Write out the full listing exactly as given, minus the images.
(Beginning of DATASET EXCERPT)
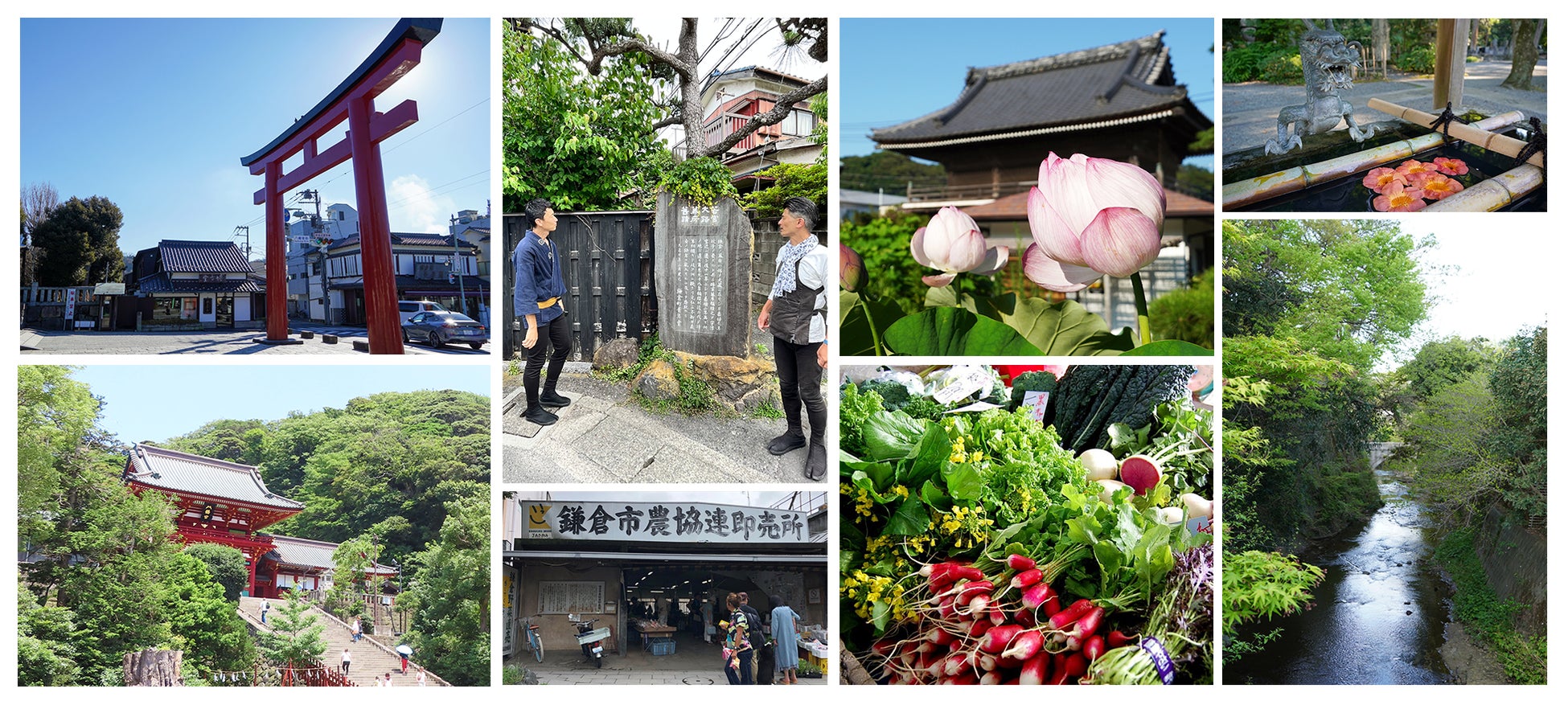 鶴岡八幡宮や本覚寺、妙本寺などのホテル近隣の寺社や、小町大路などの裏路地を、普段は人力車を曳きながら話す鎌倉の魅力や各スポットのうんちくなどをお客さまと共に歩いてご案内します。最後はレンバイ(鎌倉農協連即売場)で解散となりますので、新鮮な鎌倉野菜や朝ごはん巡りもお楽しみいただけます。
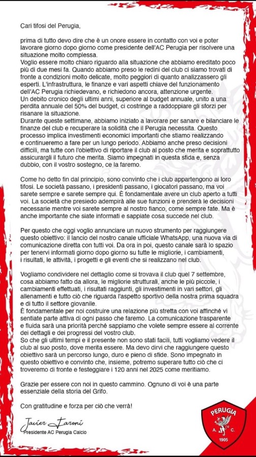 PERUGIA – Javier Faroni, presidente dell’Ac Perugia Calcio, ha scritto una lunga lettera ai tifosi, in cui mette nero su bianco le difficoltà, anche finanziarie, della società e del lavoro da fare per il Grifo.
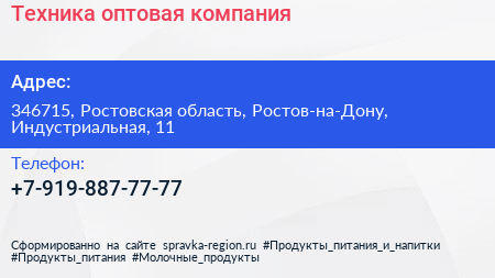 Техника, оптовая компания по адресу 346715, Ростовская область, Ростов-на-Дону, Индустриальная, 11 в дальнейшем Организация, размещена в следующих категориях:
(End of DATASET EXCERPT)
[RESPONSE]
 鶴岡八幡宮や本覚寺、妙本寺などのホテル近隣の寺社や、小町大路などの裏路地を、普段は人力車を曳きながら話す鎌倉の魅力や各スポットのうんちくなどをお客さまと共に歩いてご案内します。最後はレンバイ(鎌倉農協連即売場)で解散となりますので、新鮮な鎌倉野菜や朝ごはん巡りもお楽しみいただけます。
 PERUGIA – Javier Faroni, presidente dell’Ac Perugia Calcio, ha scritto una lunga lettera ai tifosi, in cui mette nero su bianco le difficoltà, anche finanziarie, della società e del lavoro da fare per il Grifo.
 Техника, оптовая компания по адресу 346715, Ростовская область, Ростов-на-Дону, Индустриальная, 11 в дальнейшем Организация, размещена в следующих категориях:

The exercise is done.